Blogs/Vlogs

The future of motoring taxes

28 October 2019

The Institute for Fiscal Studies has predicted that the trend towards greener vehicles, particularly electric ones, will leave the Treasury with a hole of £33 billion. It argues that now is the best time to commence a reorganisation of taxation on road users.

The cash cow gets thinner

As most of us are aware, the taxation of the motorist takes many and varied forms: vehicle excise duty, VAT on vehicles, income tax and national insurance on company car benefits, fuel duty and, weirdly, VAT on fuel duty. At £40 billion per annum, this represents 5% of The UK’s total tax revenues. 70% of this is fuel duty and the amount is falling. Since 2010, the Government has frozen the rates of fuel duty so they have fallen in real terms. Over the same period, vehicles have become more efficient, using less fuel. So fuel duty as a proportion of GDP has fallen from 2.2% to 1.3%. This trend is expected not only to continue, but also to accelerate with the take-up of electric vehicles (EVs), so that fuel duty will eventually all but disappear.

What motoring costs society

It might seem fair to give the motorist a break and try to raise the shortfall in revenue elsewhere, but this would overlook other significant considerations. First, tax on motoring is relatively easy to collect; second, and more important, is the need to compensate society for the costs and damage caused by road transport. This includes wear and tear on roads and other infrastructure, greenhouse gas emissions, pollution, the cost of accidents, policing, noise, and, above all, congestion. Congestion accounts for 80% of motoring’s total costs to society. Last year, each driver lost 178 hours of productive time stuck in traffic. This is estimated to cost the economy nearly £8 billion annually.

A blunt instrument

The Institute for Fiscal Studies (IFS) calculates that the average social cost per kilometre driven is 17p. Fuel duty amounts to 7p per kilometre, so on average it falls a long way short of covering the cost. But this is not the full story. Not all kilometres are equal. Kilometres driven in cities are more damaging than those elsewhere. Kilometres driven in congested streets, as well as being more polluting, are a waste of valuable time. In fact, 60% of the social cost of motoring is caused by 10% of kilometres driven. So fuel duty is too blunt an instrument to fairly recoup compensation for the damage done.

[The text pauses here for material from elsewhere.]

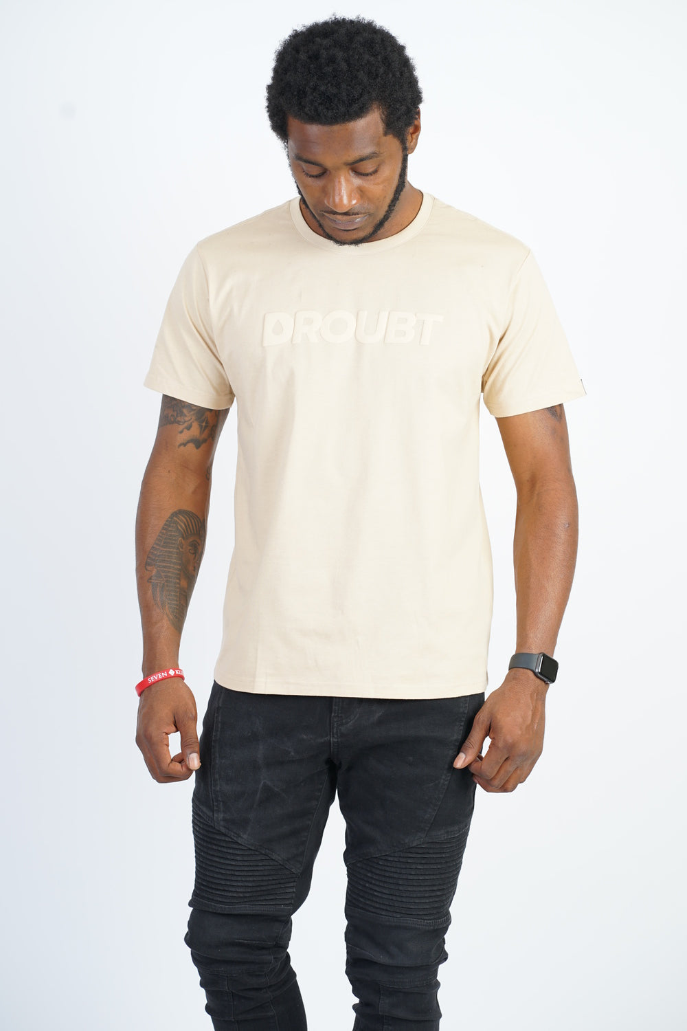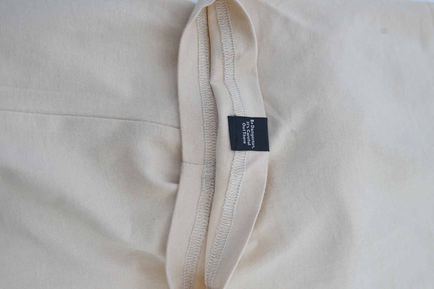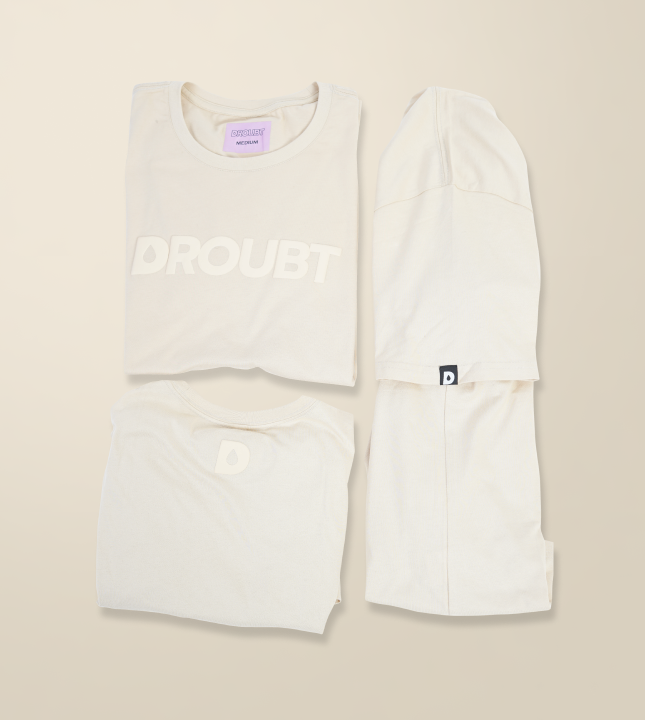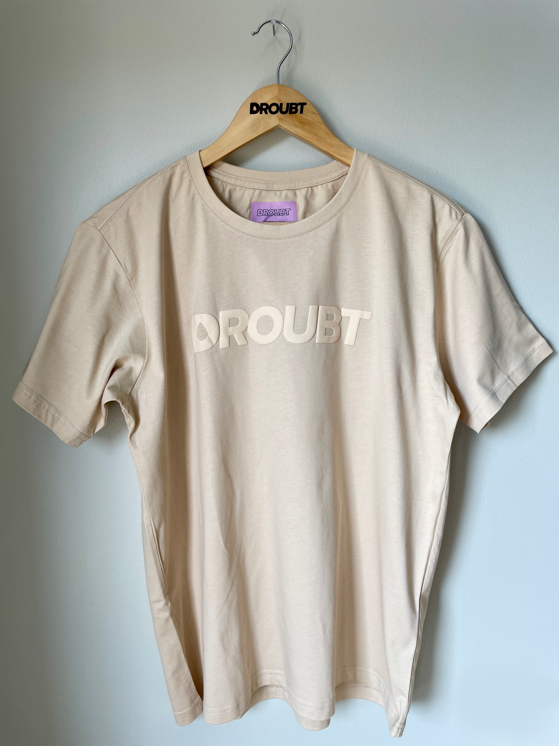 Droubt Signature Tee in Cream. Droubt Logo in puff-print center chest and between shoulders. Logo and shirt color tones match so you can wear it anytime & anywhere. Unisex. Fitted fit. Size up for a standard fit.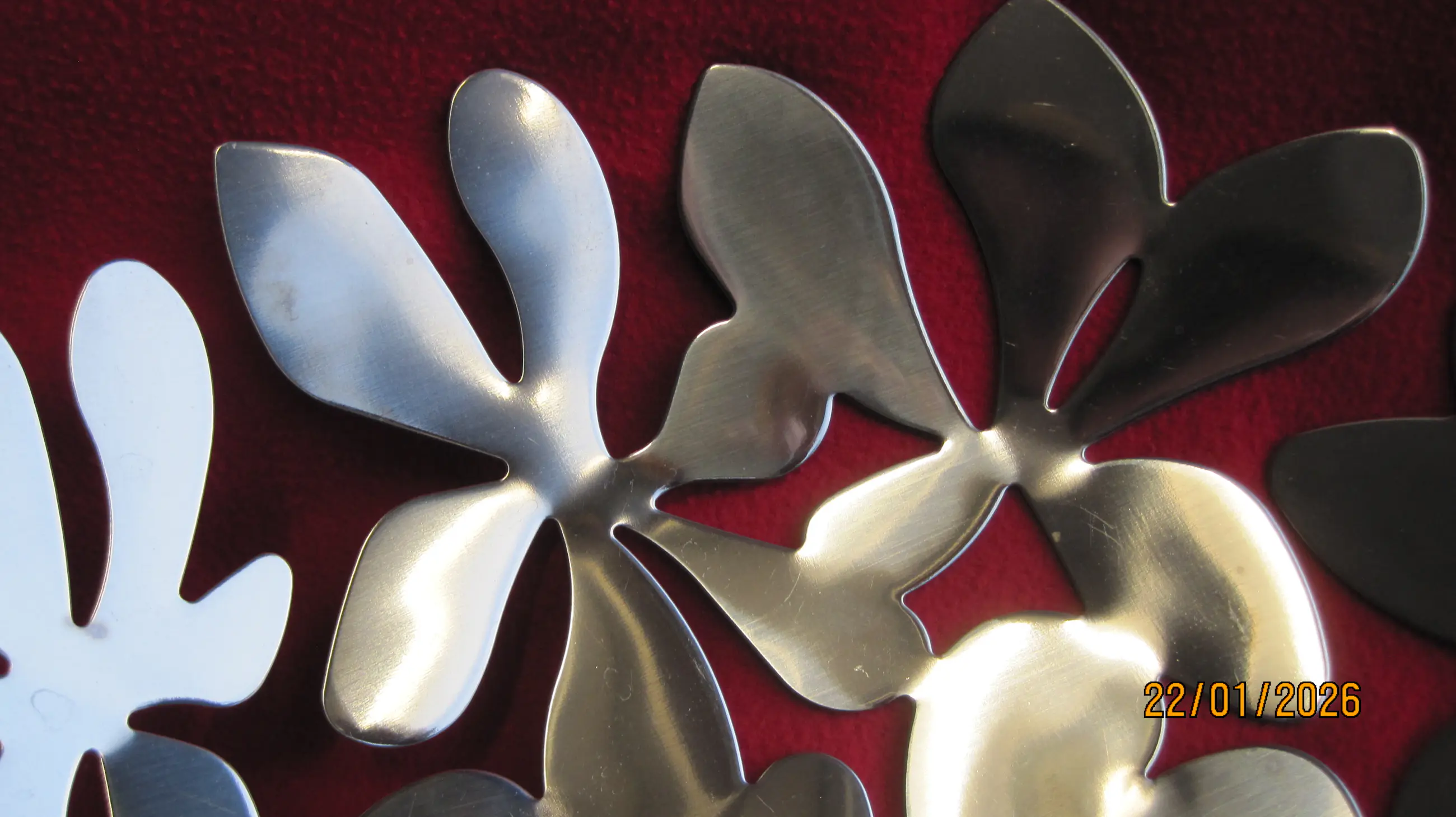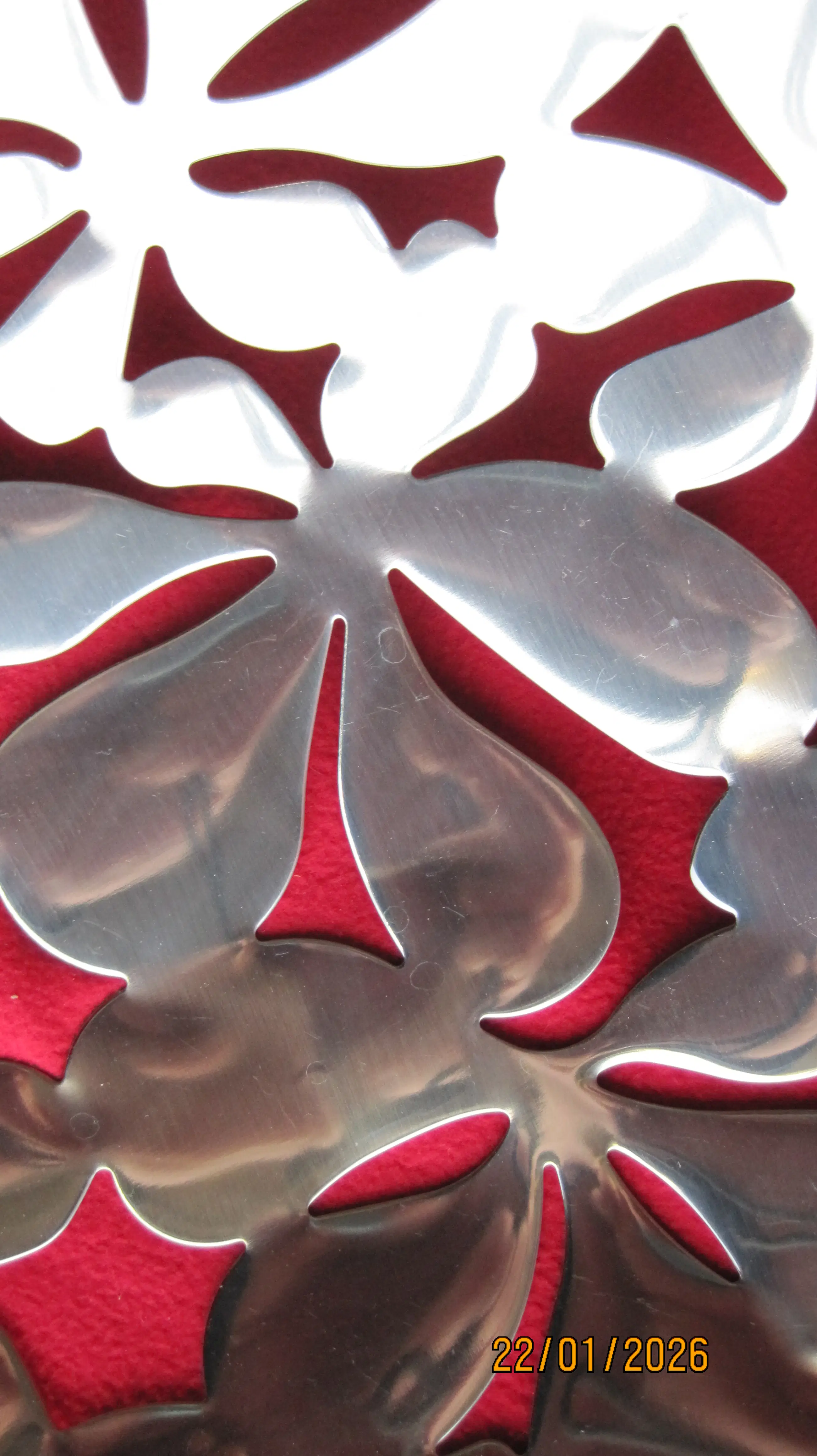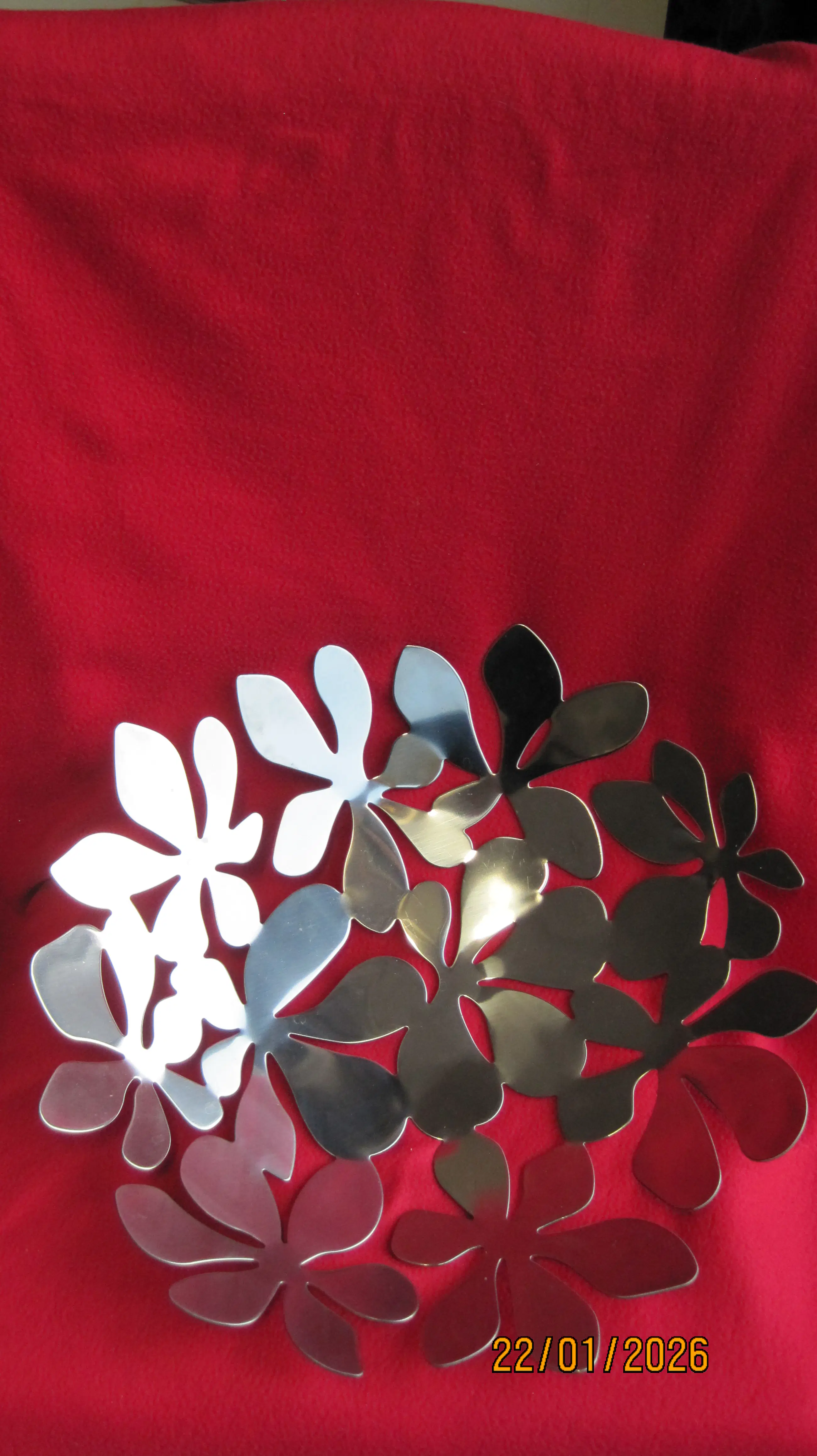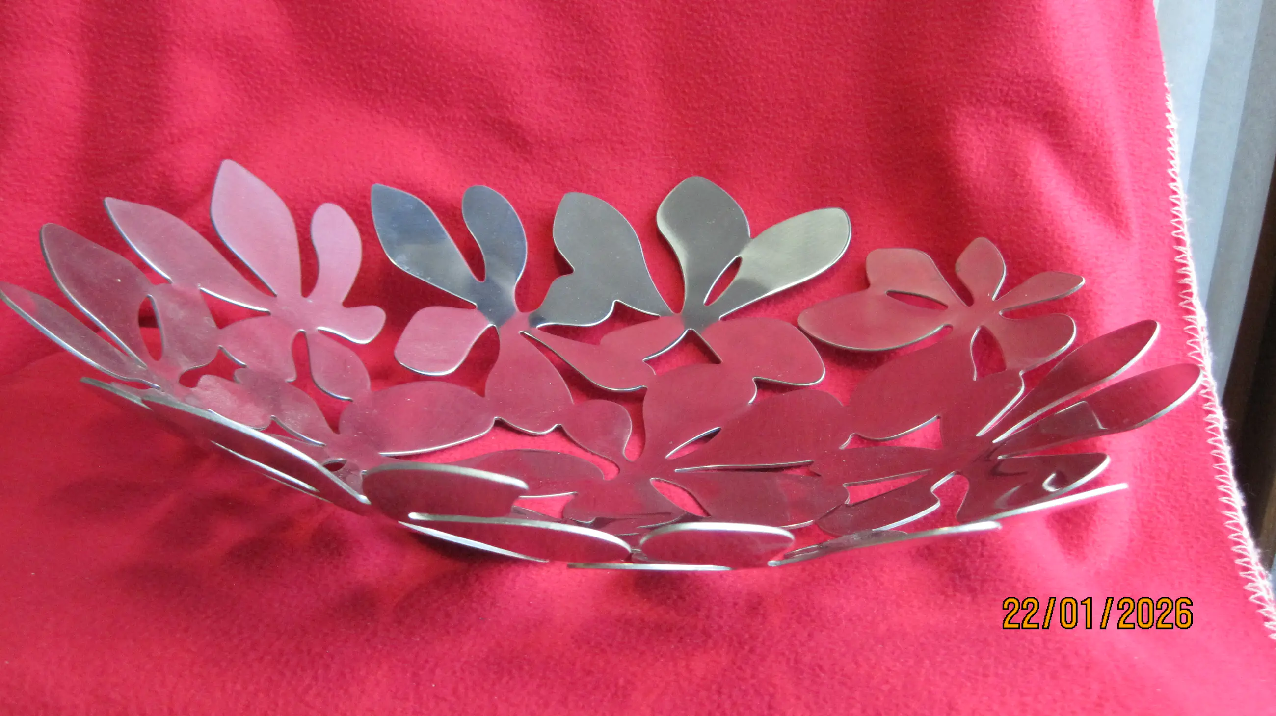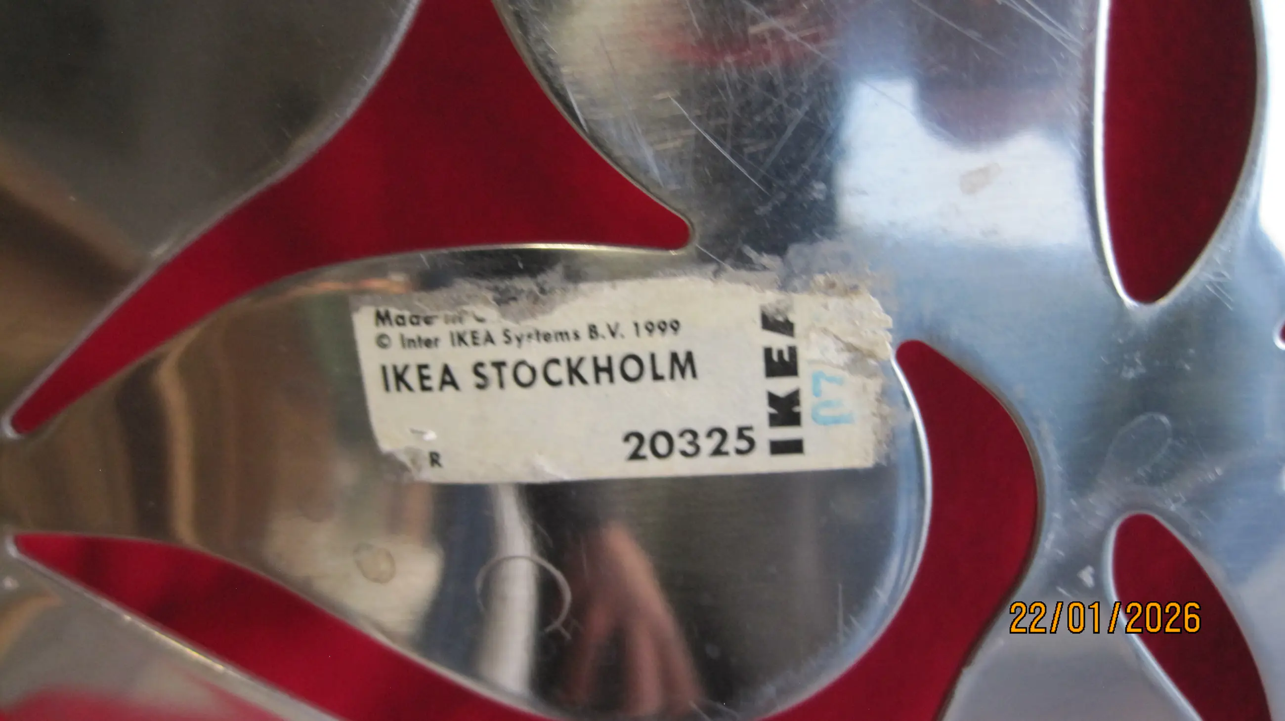 Prachtige vintage Stockholm schaal ontworpen door Monika Mulder. Deze iconische schaal is gemaakt van roestvrij staal en heeft een uniek open bloemmotief. De schaal is onderdeel van de Stockholm collectie en werd oorspronkelijk ontworpen in 1999 en later opgenomen in de 2006 collectie. Met een diameter van ongeveer 42-43 cm is dit een echte eyecatcher. Een gewild designitem voor liefhebbers van vintage IKEA!

Graphic: the Institute for Fiscal Studies

The alternative

With fuel duty likely to disappear almost completely over the next three decades, the IFS suggest that now is a good time to gradually introduce the motorist to fairer ways of taxing car usage. Its starting point is the London congestion charge, whereby motorists are charged for entering a specified zone. But as the IFS points out, this is not ideal. Once a driver has paid to enter the zone, they can drive around within it all day without further payment. What is needed is a road-pricing system where the amount paid relates to the true social cost per kilometre, depending on time and place. Such a system already exists in Singapore. Presumably, this would work either by automatic number plate recognition or more likely by a transponder fitted to every vehicle, with roadside installations recording the vehicle’s passage. A point not covered by the IFS is the political angle. Installing such a system in the compliant and law-abiding society of Singapore is one thing; overcoming the reservations of the British public and the likely accusations of Big Brother style surveillance is quite another. And those early adopters of electric vehicles who are currently enjoying low fuel costs are going to be the most opposed to road pricing.

But that is why the IFS is recommending that such a system be introduced soon, especially before expectations of low cost driving in EVs become ingrained.